Task:
Under this line are records; the part from the line containing "千々和纏さんの総運は35画の4点!" through the line containing "The concept of" should be repeated exactly. Please exclude pictures.

Task data:
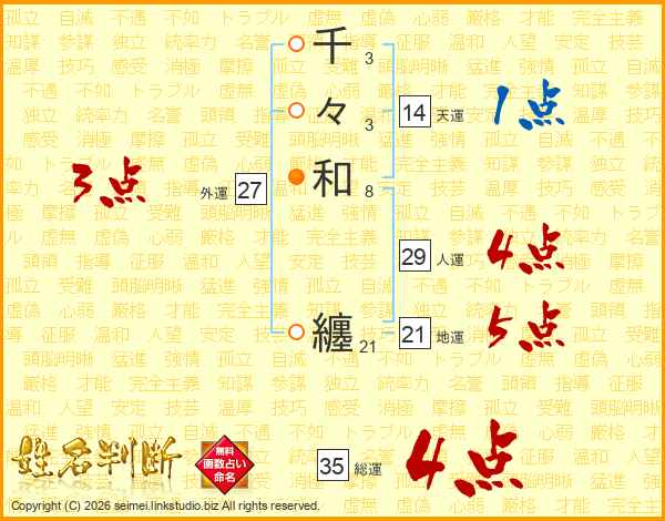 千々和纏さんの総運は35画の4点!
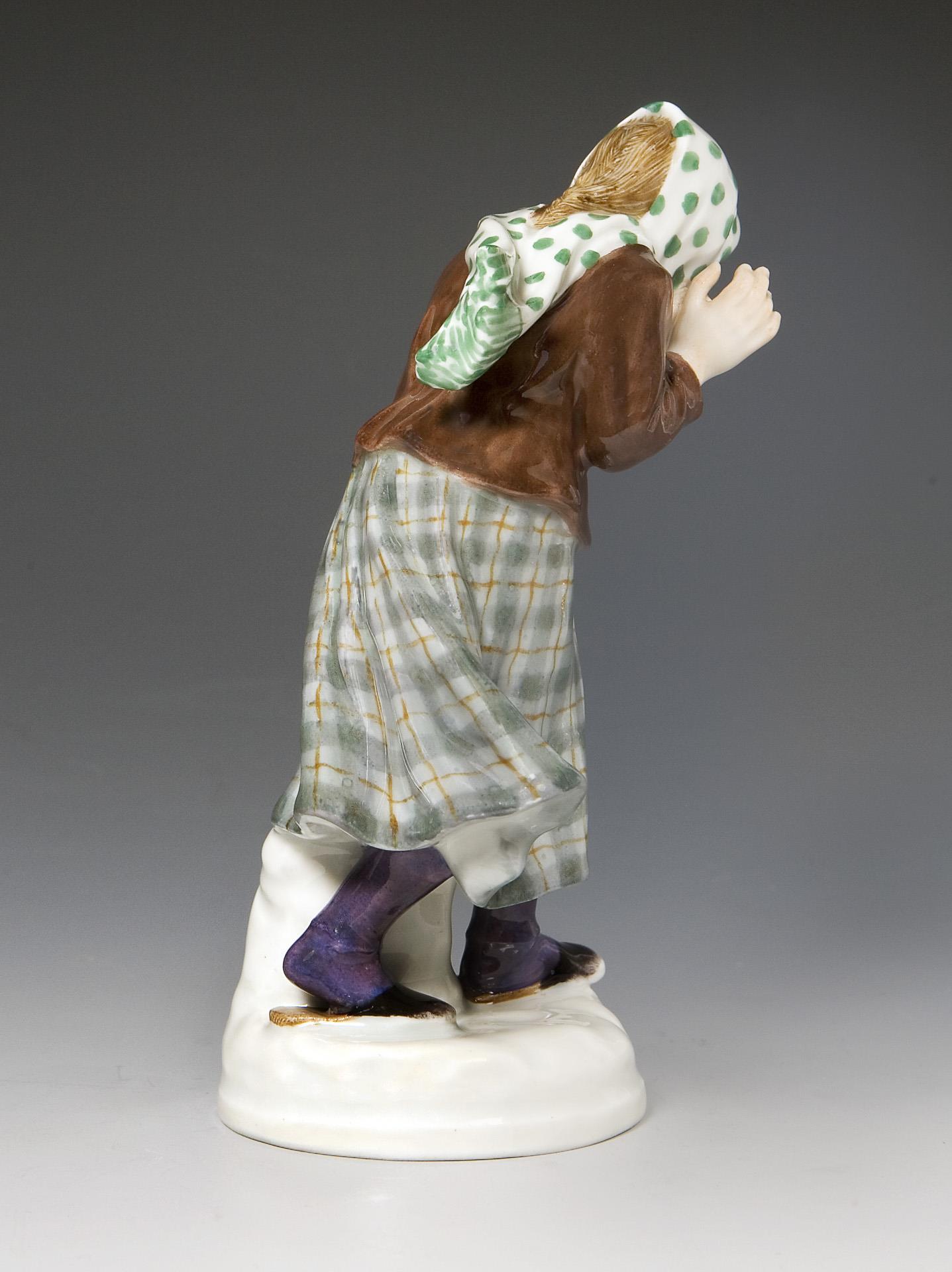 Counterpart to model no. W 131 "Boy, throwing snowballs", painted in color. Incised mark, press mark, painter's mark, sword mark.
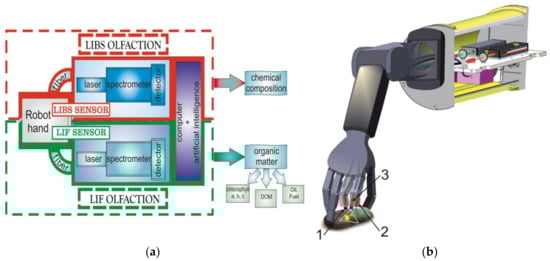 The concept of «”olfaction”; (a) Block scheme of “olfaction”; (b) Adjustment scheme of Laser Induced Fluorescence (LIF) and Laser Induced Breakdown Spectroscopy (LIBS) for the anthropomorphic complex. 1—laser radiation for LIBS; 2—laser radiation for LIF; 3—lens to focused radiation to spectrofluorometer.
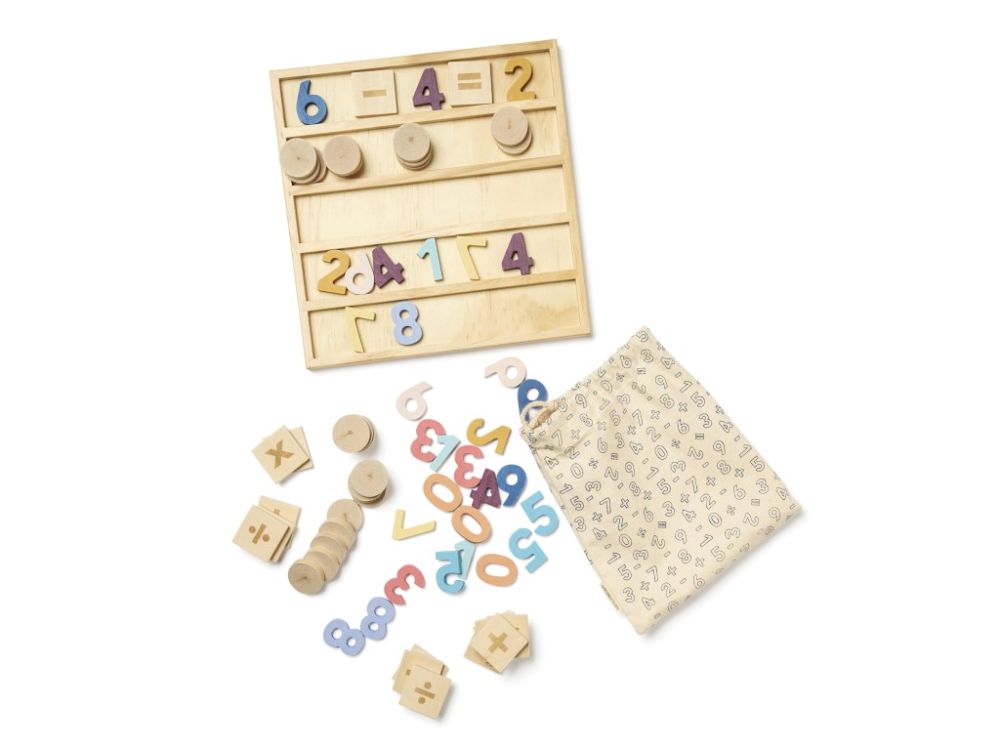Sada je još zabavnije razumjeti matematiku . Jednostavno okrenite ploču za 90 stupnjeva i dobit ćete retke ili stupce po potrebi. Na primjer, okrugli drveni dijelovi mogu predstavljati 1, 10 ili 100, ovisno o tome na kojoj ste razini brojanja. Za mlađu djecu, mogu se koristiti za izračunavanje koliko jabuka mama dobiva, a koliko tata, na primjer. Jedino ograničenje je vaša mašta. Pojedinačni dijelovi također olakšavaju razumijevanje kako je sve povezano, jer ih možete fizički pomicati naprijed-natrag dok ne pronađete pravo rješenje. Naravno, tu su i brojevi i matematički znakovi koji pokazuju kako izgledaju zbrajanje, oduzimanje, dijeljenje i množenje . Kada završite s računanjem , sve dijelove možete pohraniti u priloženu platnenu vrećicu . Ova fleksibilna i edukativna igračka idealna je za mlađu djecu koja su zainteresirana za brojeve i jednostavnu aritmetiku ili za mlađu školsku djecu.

---

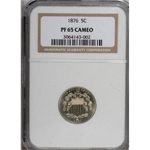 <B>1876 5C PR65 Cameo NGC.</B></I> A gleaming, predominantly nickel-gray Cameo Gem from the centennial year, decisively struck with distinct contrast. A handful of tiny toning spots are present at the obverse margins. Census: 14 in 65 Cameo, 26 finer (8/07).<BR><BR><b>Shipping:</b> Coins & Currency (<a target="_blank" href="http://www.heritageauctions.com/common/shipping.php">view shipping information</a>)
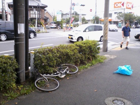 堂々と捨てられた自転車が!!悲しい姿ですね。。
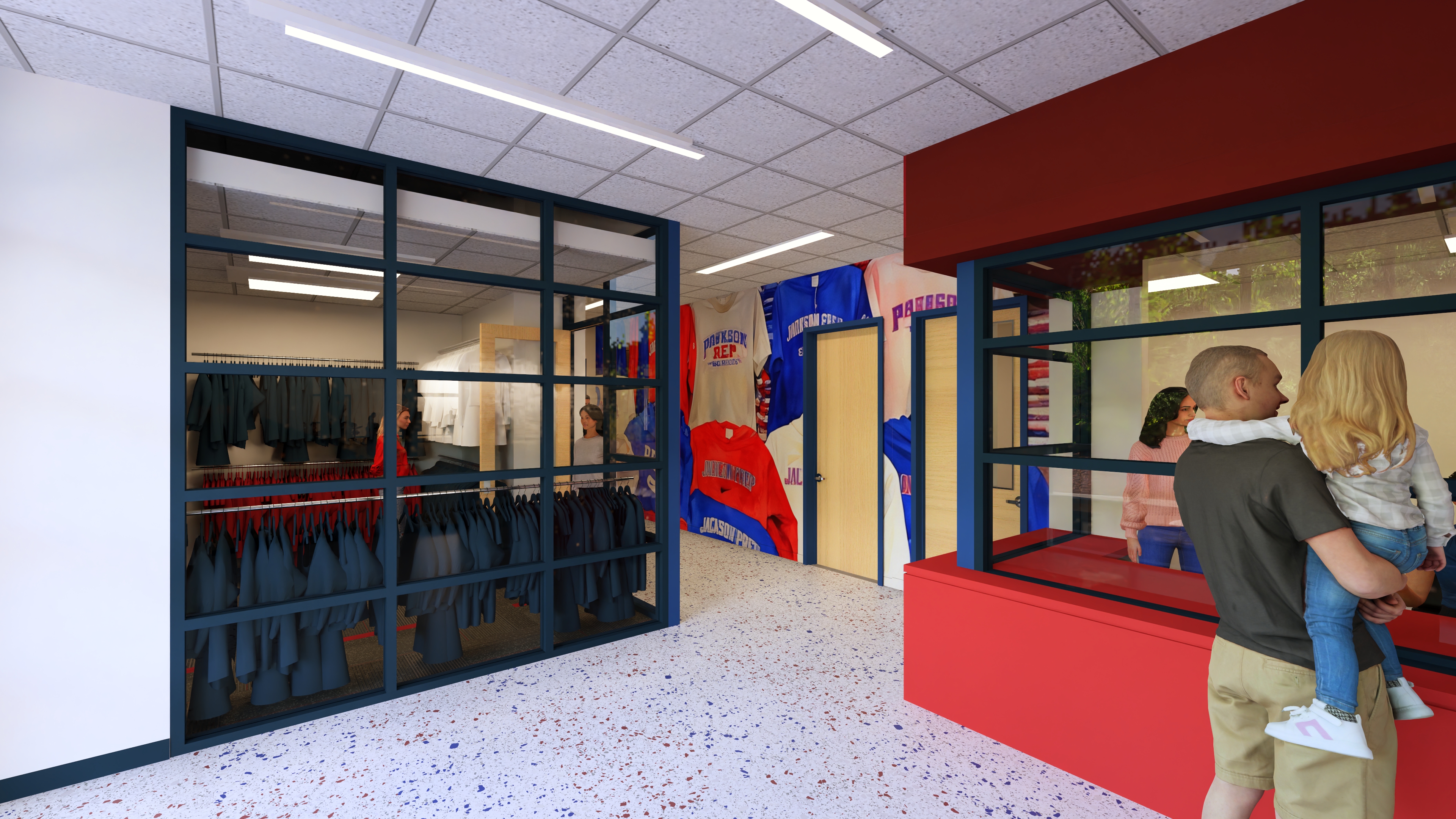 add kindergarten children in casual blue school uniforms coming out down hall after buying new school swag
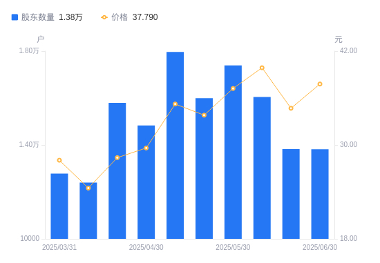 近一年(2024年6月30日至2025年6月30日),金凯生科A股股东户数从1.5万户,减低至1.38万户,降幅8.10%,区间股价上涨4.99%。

--

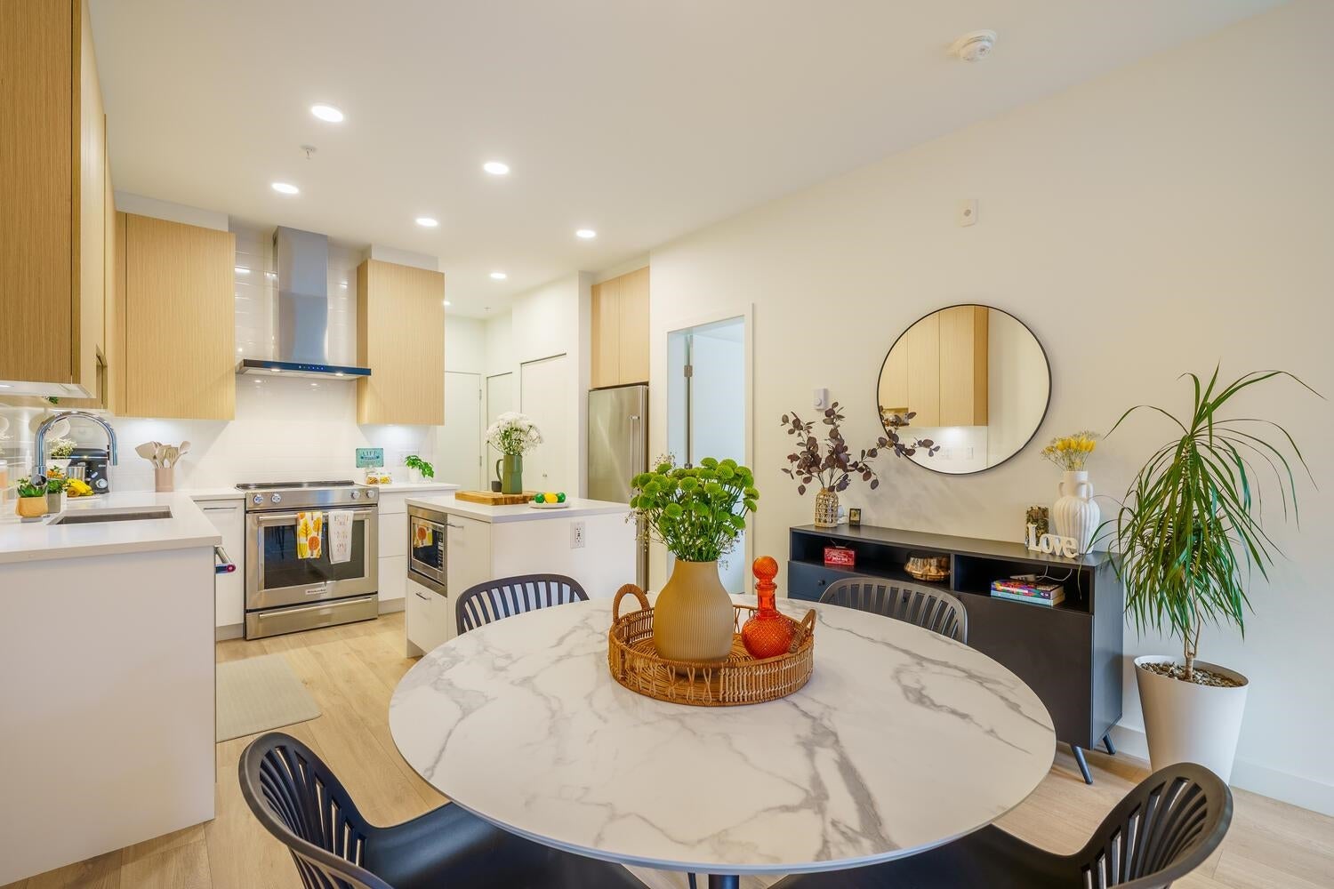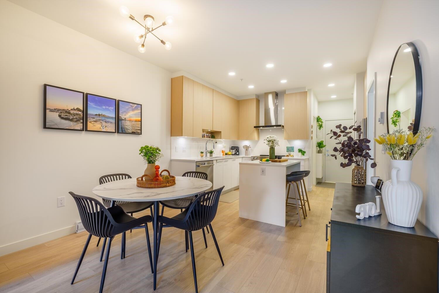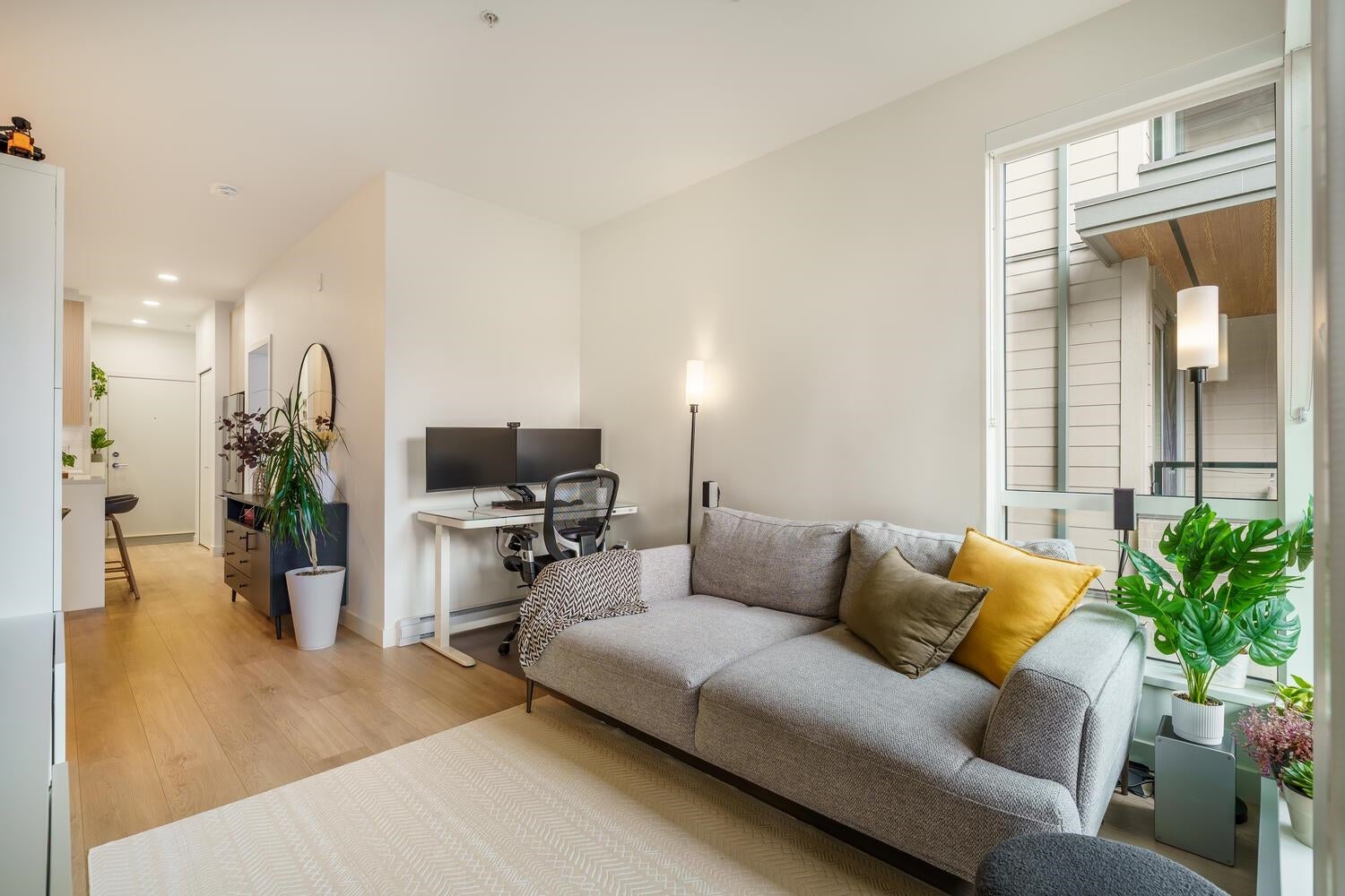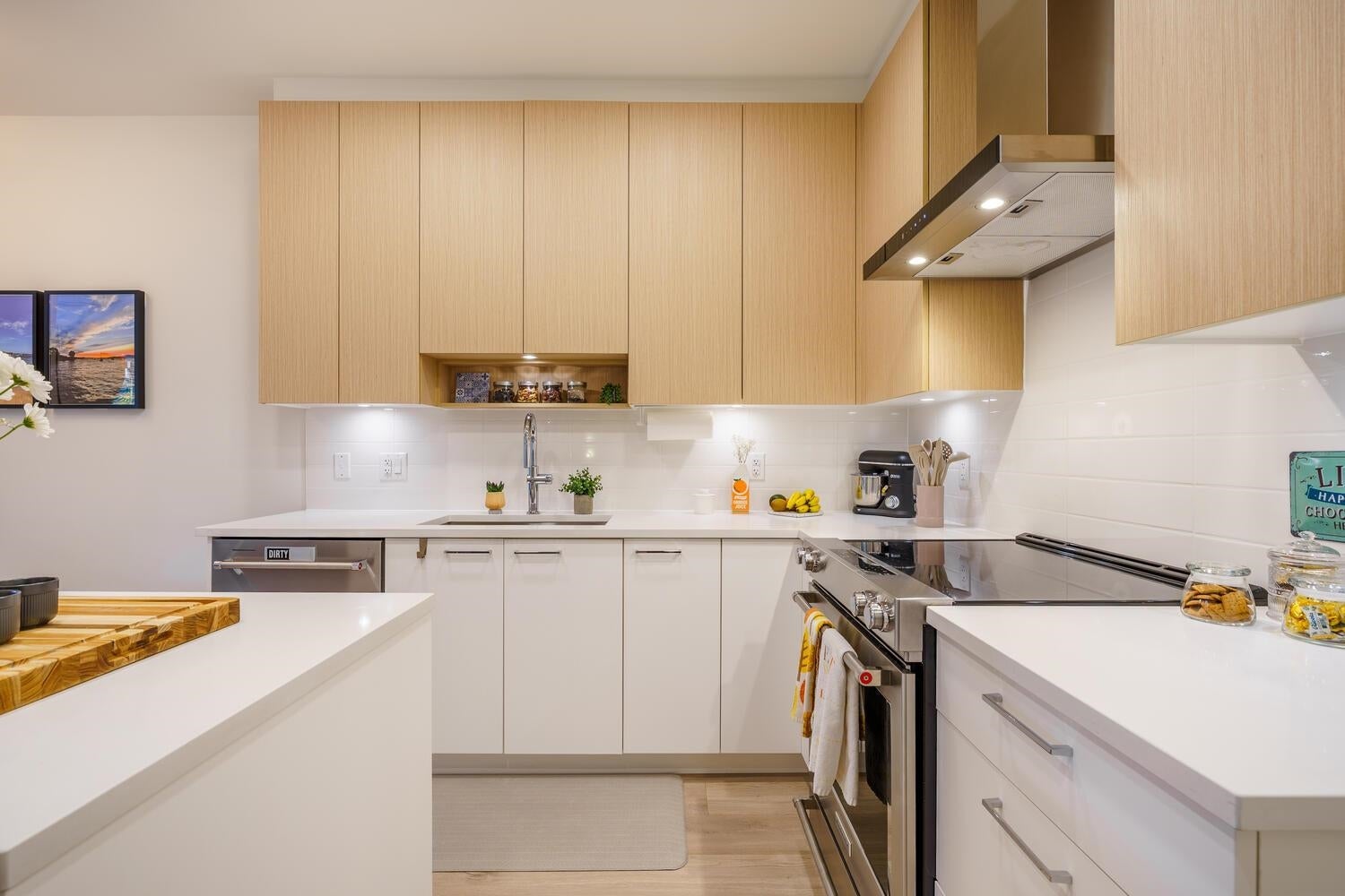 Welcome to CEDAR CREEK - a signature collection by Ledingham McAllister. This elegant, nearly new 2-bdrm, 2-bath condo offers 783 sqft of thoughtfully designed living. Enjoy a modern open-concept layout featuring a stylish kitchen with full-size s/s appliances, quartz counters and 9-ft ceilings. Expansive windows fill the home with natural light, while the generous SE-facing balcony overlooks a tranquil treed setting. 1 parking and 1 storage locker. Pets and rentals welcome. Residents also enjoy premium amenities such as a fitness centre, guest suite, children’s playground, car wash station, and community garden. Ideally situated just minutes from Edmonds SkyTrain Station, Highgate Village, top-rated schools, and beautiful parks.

Task output:
 千々和纏さんの総運は35画の4点!
 Counterpart to model no. W 131 "Boy, throwing snowballs", painted in color. Incised mark, press mark, painter's mark, sword mark.
 The concept of «”olfaction”; (a) Block scheme of “olfaction”; (b) Adjustment scheme of Laser Induced Fluorescence (LIF) and Laser Induced Breakdown Spectroscopy (LIBS) for the anthropomorphic complex. 1—laser radiation for LIBS; 2—laser radiation for LIF; 3—lens to focused radiation to spectrofluorometer.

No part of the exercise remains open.